• _Information provided_

+===+

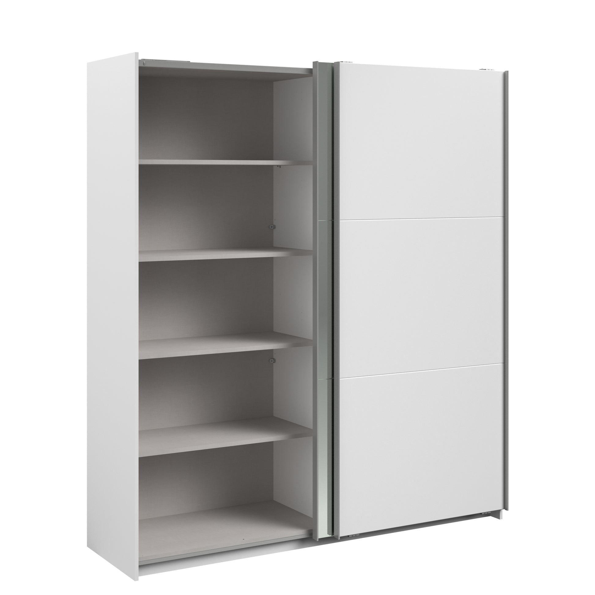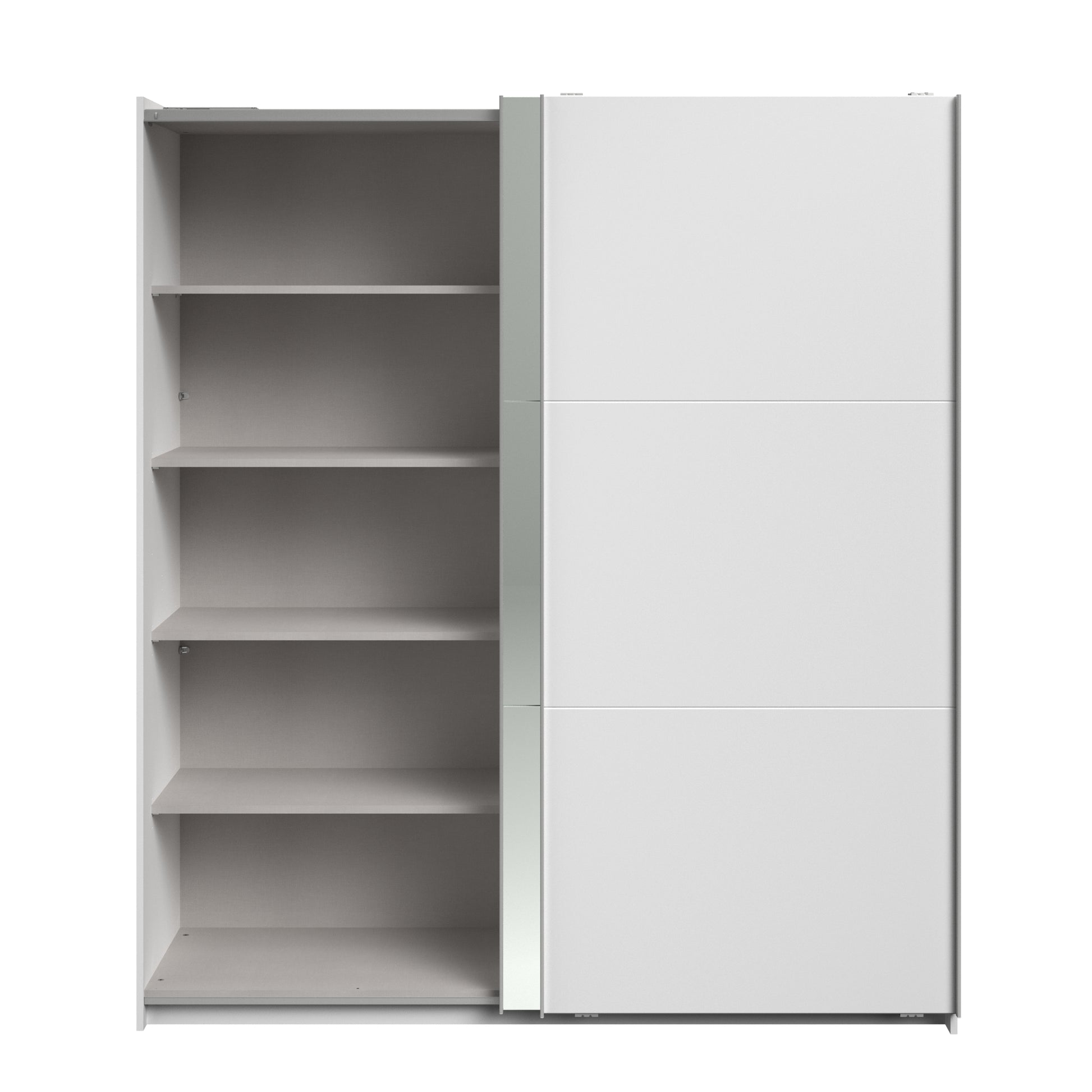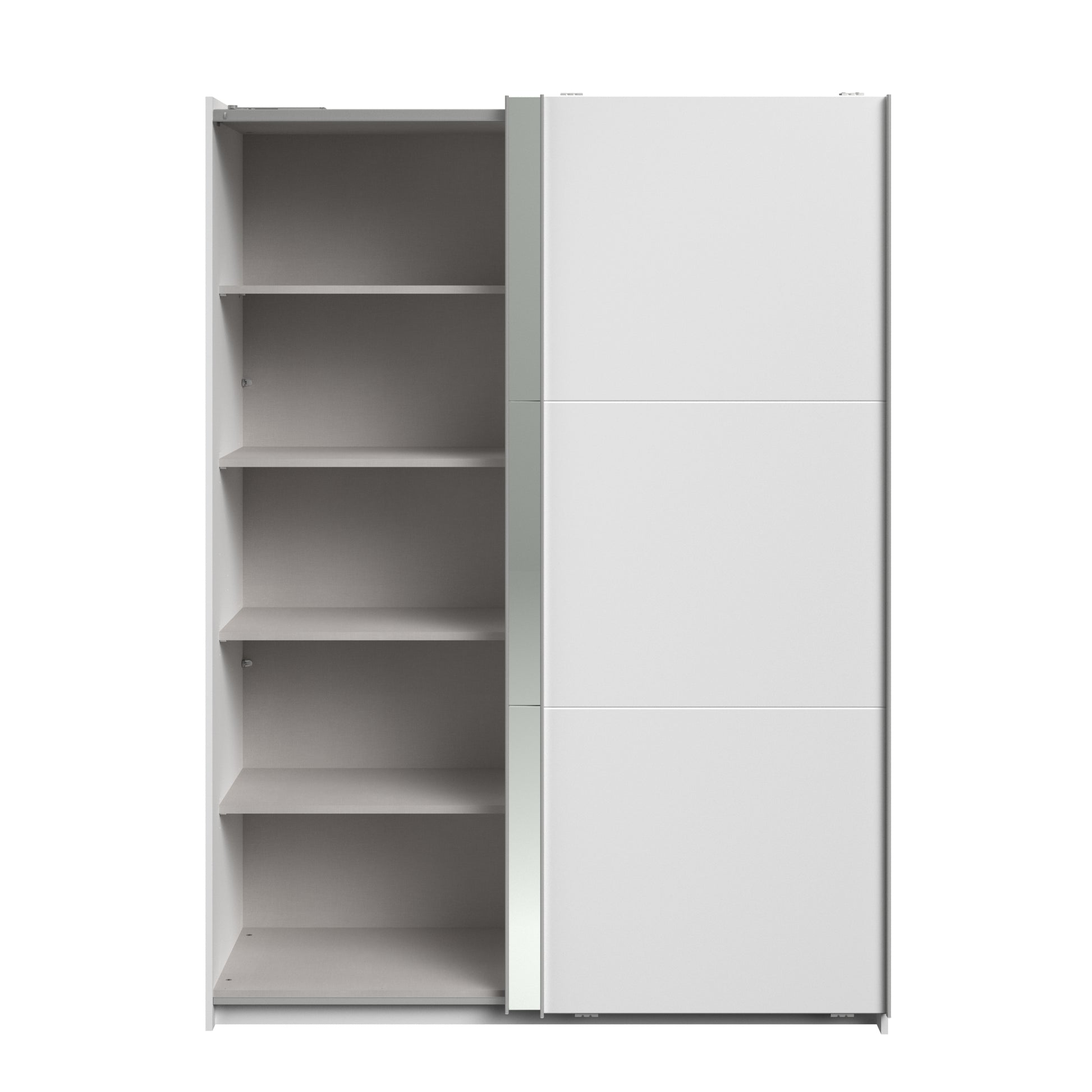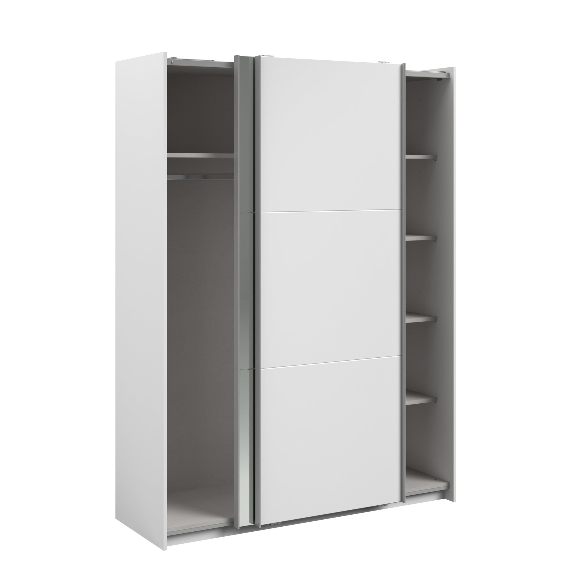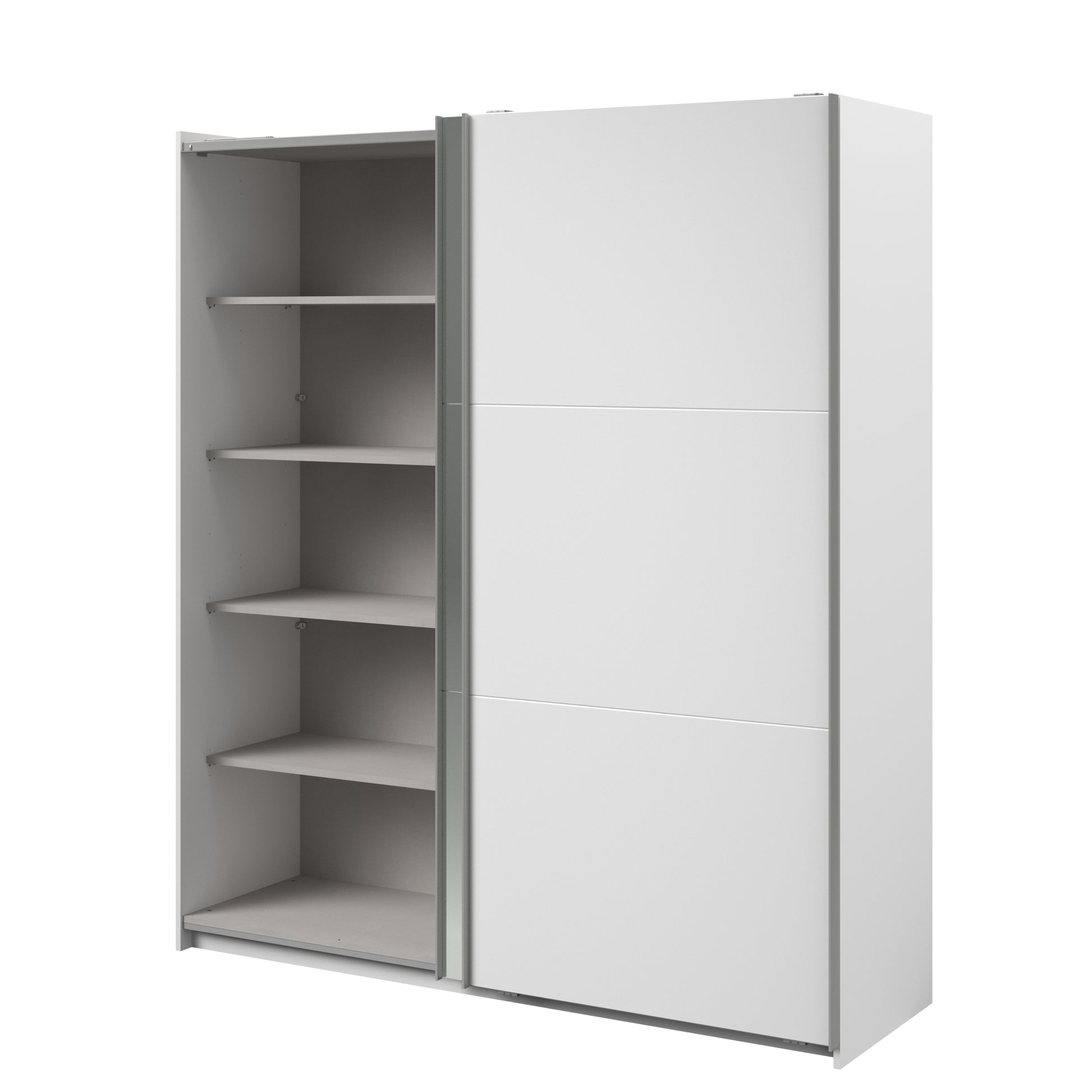 Parisot white mirrored finish wardrobe with sliding doors. One side is hanging the other is shelves and can be reversed. There are 6 options for internal layout. Easy roll soft close mechanism. Smooth action sliding doors. Can be assembled on delivery if required. In stock for fast free delivery every postcode in the UK within 2 weeks!
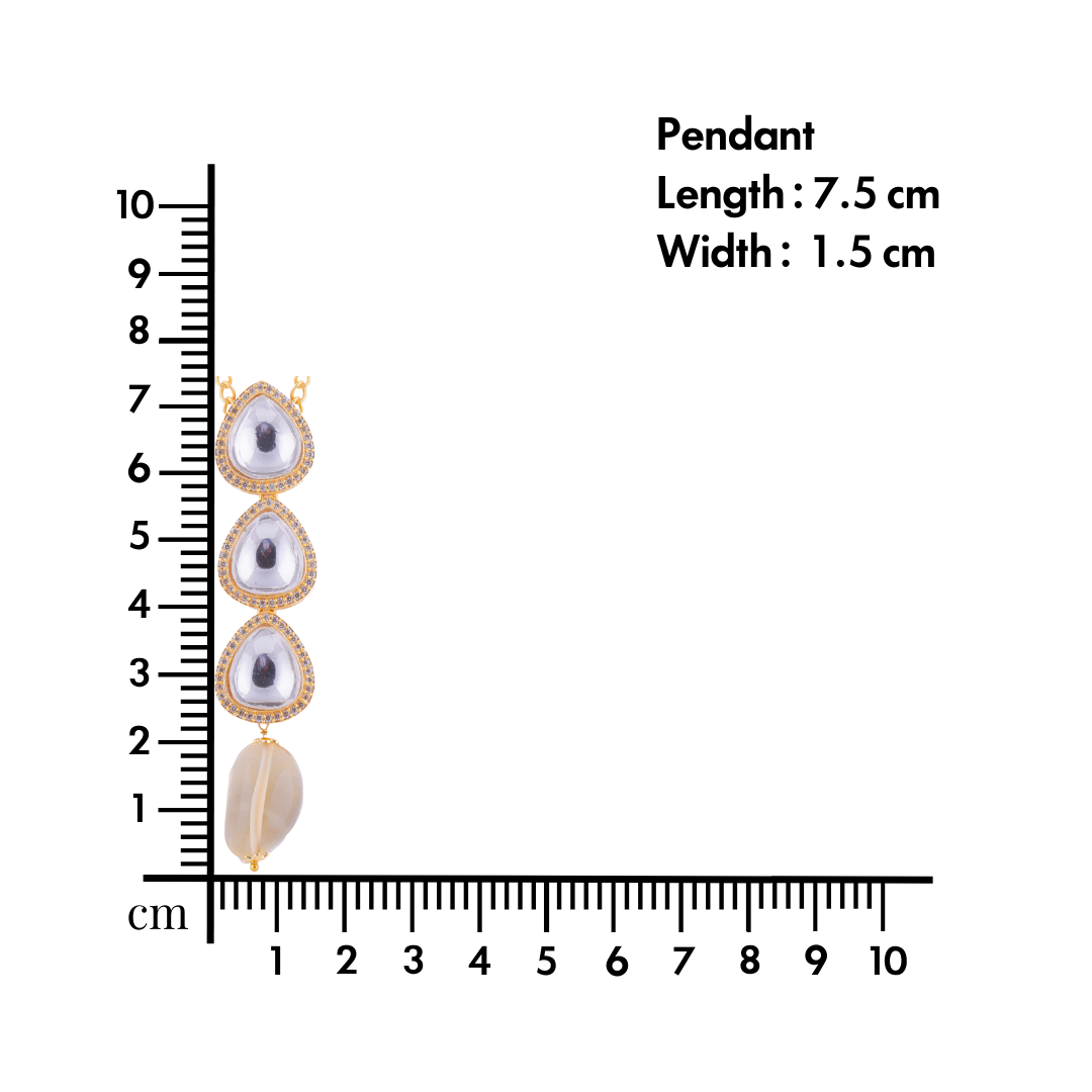 The gold plated kundan stone pendant set is perfect for adding a touch of glamour to any outfit. The intricate detailing of the metal frame creates a breathtaking effect, while the shimmering kundan stone adds a touch of sparkle and shine.
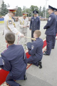 Торжественную церемонию провели ректор Одесского государственного университета внутренних дел генерал-майор милиции Анатолий Волощук и начальник департамента кадрового обеспечения Министерства внутренних дел Украины генерал-майор милиции Юрий Казанский. Митрополит Одесский и Измаильский Агафангел благословил молодых правоохранителей на успешную службу и окропил их святой водой.
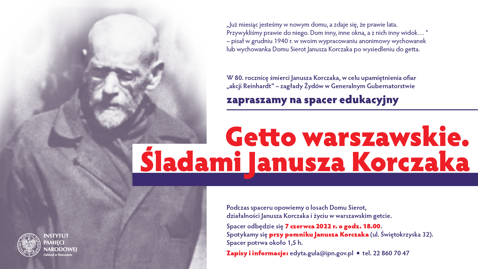 W 80. rocznicę śmierci Janusza Korczaka, w celu upamiętnienia ofiar „akcji Reinhardt” – zagłady Żydów w Generalnym Gubernatorstwie Oddziałowe Biuro Edukacji Narodowej IPN w Warszawie zorganizowało spacer edukacyjny „Getto warszawskie. Śladami Janusza Korczaka”. Uczestnicy dowiedzieli się o losach Domu Sierot, działalności Janusza Korczaka i życiu w warszawskim getcie.

+===+

• _Description of the task_
Each line from the one containing "Торжественную церемонию провели" through the last line of the listing must be copied exactly, and the pictures must not be.

• _Result below_
 Торжественную церемонию провели ректор Одесского государственного университета внутренних дел генерал-майор милиции Анатолий Волощук и начальник департамента кадрового обеспечения Министерства внутренних дел Украины генерал-майор милиции Юрий Казанский. Митрополит Одесский и Измаильский Агафангел благословил молодых правоохранителей на успешную службу и окропил их святой водой.
 W 80. rocznicę śmierci Janusza Korczaka, w celu upamiętnienia ofiar „akcji Reinhardt” – zagłady Żydów w Generalnym Gubernatorstwie Oddziałowe Biuro Edukacji Narodowej IPN w Warszawie zorganizowało spacer edukacyjny „Getto warszawskie. Śladami Janusza Korczaka”. Uczestnicy dowiedzieli się o losach Domu Sierot, działalności Janusza Korczaka i życiu w warszawskim getcie.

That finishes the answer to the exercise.